EL
COCHE FÚNEBRE
Hola,
buenos días doctor… Pase, pase y
siéntese, póngase cómodo. A ver, primero me va a ayudar a hacer un pequeño
historial, de usted naturalmente. Pues
mire usted, eso me resultaría muy difícil.
¿Y eso por qué? Fácil, porque yo
no existo… Vamos a ver, me está usted
diciendo que no existe, bueno, ¿y cómo ha llegado usted a esa conclusión? Coño, voy por la calle y no me veo… ¿A que se refiere usted con esa última
frase que acaba de decirme, que no existe porque no se ve? Me explico; sí que me veo, pero siempre
detrás de un coche fúnebre de esos de caballos, de esos carruajes negros cuyos
caballos van enjaezados con unas plumas negras en la cabeza, cortinas también
negras de raso, sin acompañantes naturalmente, voy yo solo, acompañándome a mí
mismo.
Al
médico le comenzaba a temblar el pulso un poco, escribía a mano sobre un gran
cuaderno de espiral sin cuadricular, escribía algo que solamente los médicos
comprenden, a no ser que alguien más sepa taquigrafía, de los pacientes me refiero.
El hombre escribía, y a su vez el paciente se encogía cada vez más en su silla,
se recogió en sí mismo, primero doblando las rodillas debajo del asiento, luego
comenzó a mirar a su alrededor con temor.
El
psicólogo levantaba los ojos sin mover la cabeza del cuaderno, quería observar
la reacción del paciente, mientras, el paciente lo observaba a él, para ver si
se apercibía del terrible problema que lo preocupaba. Hasta entonces, el psicólogo
no se había dado cuenta del problema que había llevado a aquel hombre a su
consultorio; se levantó lentamente de su asiento, una cómoda butaca de piel con
apoyabrazos y hasta apoyacabezas. La sala bien iluminada, no reflejaba sombra
alguna de la persona que allí estaba para ser atendida, el psicólogo dio un
golpe al respaldo del asiento del paciente y este cayó al suelo, la silla
estaba vacía.
¡Oiga
que pretende que me rompa la crisma…!
Pero si usted no existe, su persona no emana sombra alguna… Sus huevos no emanan sombra, ¡será berzas
el tío este!
Al
cabo de un minuto escaso, apareció en la consulta una doctora bastante alta, que
después de saludarle y darle los buenos días, se abrochó la bata de un color
ligeramente azulada y le preguntó al enfermo…
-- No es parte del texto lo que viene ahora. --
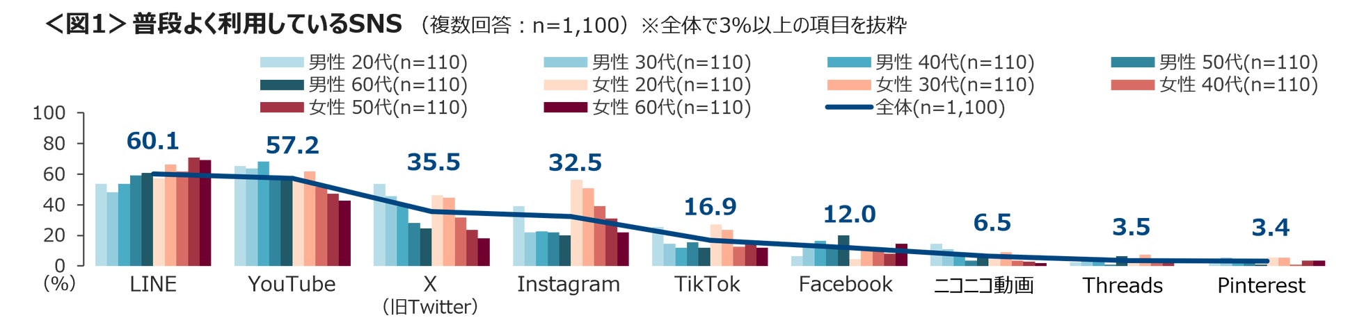 「LINE」は年齢が上がるほど、「YouTube」「X」は年齢が若いほど利用率が高い傾向。「Instagram」は女性で高く、特に20~40代でよく利用している。<図1>

¿Qué me cuentas hoy Darío…, ya ha llegado tu familia para acompañarte al
entierro? No doctora, y no se crea que
no estoy preocupado, a lo mejor… les ha podido pasar algo por el camino, aunque
en honor a la verdad, poco me importa que lleguen o no. ¿Y eso por qué? Ya sabe… comienzan a decir de uno que si uno está
igual o hasta más guapo que cuando estaba vivo, yo oigo eso de mí si estoy allí
en el velatorio… vamos… les digo
Cabrones, como voy a estar más guapo si estoy muerto, pero bueno… ¿sabe
que tampoco me importa mucho lo que opinen de mí en ese aspecto?
“El
muerto al hoyo, y el vivo al boyo”,
¿puede usted creer que me gusta esa frase hecha? Es la puta realidad,
con tal que me lloren quienes yo desearía que me lloraran, tengo suficiente. Joder que tarde
se me ha hecho, tengo que ir a ver ahora que ha salido el sol a mi sombra, la
muy perra hace ya unas cuantas semanas que me falta de casa y no me ha dado
explicaciones… ¡me cago en la leche, tiene que estar uno en todo!